The most successful model in history is the "capital class" creating new middle class jobs by venturing their capital.





That’s literally the opposite of what happened historically.

Read up on the history of textiles for example and cottage industry created and then was supplanted by a capital class. Economies of scale require all sorts of things to get going like efficient transportation, but after a tipping point wealth centralizes not the reverse. Slowly clothing goes from something like 1/3 of all labor to a small fraction of our current economy.


It is true that manufacturing reduced the time spent making clothing, but a) a lot that time weren't really career jobs, but women spending their time spinning and selling the results for a small amount to supplement what the household could not grow, and b) people willingly decamped for cities to work in the factories. (You can still see some of this process in China, with the migrant workers; they could continue subsistence farming, but they choose not to.) People materially got richer, as they moved up from subsistence farming. I think I spend a few hours a year to get the money to buy clothes, which I think is a good deal. (I spend longer looking for clothes I want, which I hate doing, but is quite the luxury historically.)

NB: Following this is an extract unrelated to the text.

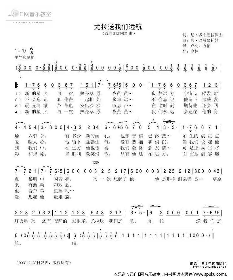 > 尤拉送我们远航 选自加加林组曲

> to supplement what the household could not grow

Many women did this as their full time job. Spinsters became a viable option for women without a family or land to be self sufficient. Most women used to multi task a drop spindle as they went about their day. A spinning wheel was a massive improvement per hour but the lack of portability made it an independent job. As specialists could now make way more thread which enabled the transport of large quantities of relatively high value goods to one location for economies of scale. Which could then benefit from a positive feedback loop.

> manufacturing reduced the time spent making clothing

Anyway, my point was factories came late in the process. Automation of thread making occurred at several stages before there was enough supply excess supply for any kind of scale. Without that factories could only really automate less than 5% of the total labor for making clothing.

So sure, eventually automation came for those home spinners, but that happened after the natural benefits from economies of scale alongside huge shifts in the land devoted to cotton etc. This ties into all kinds of economic activity, southern plantations depended on a relative increase in the value and demand of cotton far above its historic level etc.


What happens when the jobs the migrant workers left the farm for are automated away? Do we expect other jobs to appear that won't also be automated?

Does the wealth created by automation reduce the need for humans to work to survive, or does it just centralize in the hands of capital owners?


> Does the wealth created by automation reduce the need for humans to work to survive, or does it just centralize in the hands of capital owners?

It seems to do a bit of both. People do slightly more work with lots more automation to help them, and automation generates work as well (e.g. once upon a time you'd occasionally send a memo out; now anyone can email anyone else and it all needs archiving).


Ah yes, historically. I've heard of "history".

> Ah yes, historically. I've heard of "history".

Heard of but never actually looked into? Sorry, you set yourself up for that one.